Dunlop India Ltd. and Madras Rubber Factory Ltd., the facts of that case, as seen from paras 3 and 4 of that judgment [1983-E.L.T.-1566 (S.C.)], were different. In that case, the two assessees filed their refund claims originally itself under Item 39 LC.T. In other words, those two assessees originally itself claimed the increased amount of refund. It is further seen from para 40 of the said judgment that the Department's counsel sought to oppose their claims in respect of a few consignments on the ground that in certain Bills of Entry of Dunlop India Ltd., their agents had given the I.C.T. Item No. 87 with regard to the imported V.P. Latex. The Supreme Court repelled this contention saying that there was no estoppel in law against a party in a taxation matter. In the present cases before us, no one is seeking to contest the appellants' claim with reference to what item of the Tariff was declared in the Bills of Entry. The issue here is not, therefore, of estoppel but of time-bar under Section 27. Unlike Dunlop India Ltd. and Madras Rubber Factory Ltd., the present appellants sought refund of much less amount of duty under Item 87 of the Tariff when they filed their refund claims under Section 27 and it was only long afterwards that they claimed the increased amount of refund which the other two assessees had claimed originally itself within the time-limit of Section 27. As the facts in the two cases are different, it cannot be said that not allowing increased amount of refund to the present appellants would amount to applying estoppel against them which the Supreme Court has forbidden. As already stated, the question here is not of estoppel but of time-bar. The question had not arisen in the case of Dunlop India Ltd. and Madras Rubber Factory Ltd. 40. I have no quarrel with the proposition that the State should not retain any tax monies not due to it. My only point is that this Tribunal acting under the Customs Act has no authority to, waive or relax the time-bar.

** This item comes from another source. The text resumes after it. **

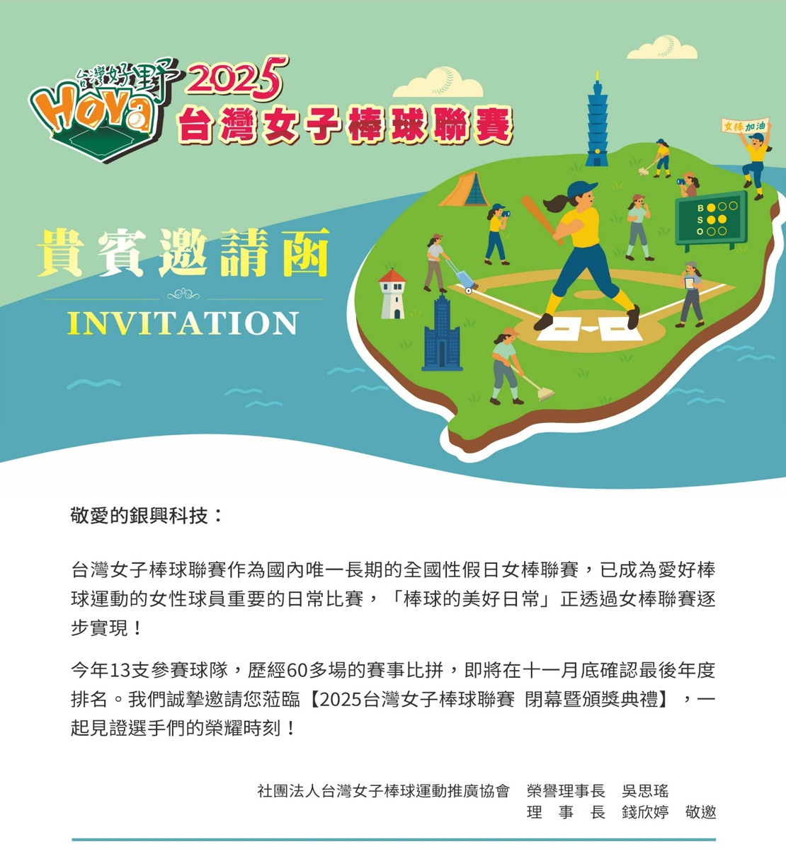銀興科技秉持著「科技扎根、回饋社會」的理念,我們支持台灣女子棒球聯賽,一起為台灣女性棒球運動的發展盡一份心力。

41. I do not agree with the pleadings of the Department's representative that the appellants' revised and increased refund claim under Item 39 I.C.T. should be treated as a new claim hit by the time-bar and rejected in toto. The appellants have not filed any new claim. They only changed the grounds on which they were seeking refund.

In my view, while it is correct to refuse payment of the increase in the amount claimed by the appellants after the time-limit, the amount originally claimed by them within the time-limit, cannot be refused just because the correct classification was later held to be Item 39 instead of Item 87.

42. Accordingly, I allow all the 10 appeals to the extent of the refunds claimed by the appellants within six months, and nothing more.

43. In accordance with the decision of the majority, the appeal is partly allowed. Classification of the appellants' goods V.P. Latex under Item 82(3) of I.C.T. is set aside and the same are held properly classifiable under Item 39 of I.C.T. with consequential refund to the appellants for the purpose of basic Customs duty. As for Additional duty (C.V.D.), classification under T.I. 15A of C.E.T. calls for no interference and is upheld.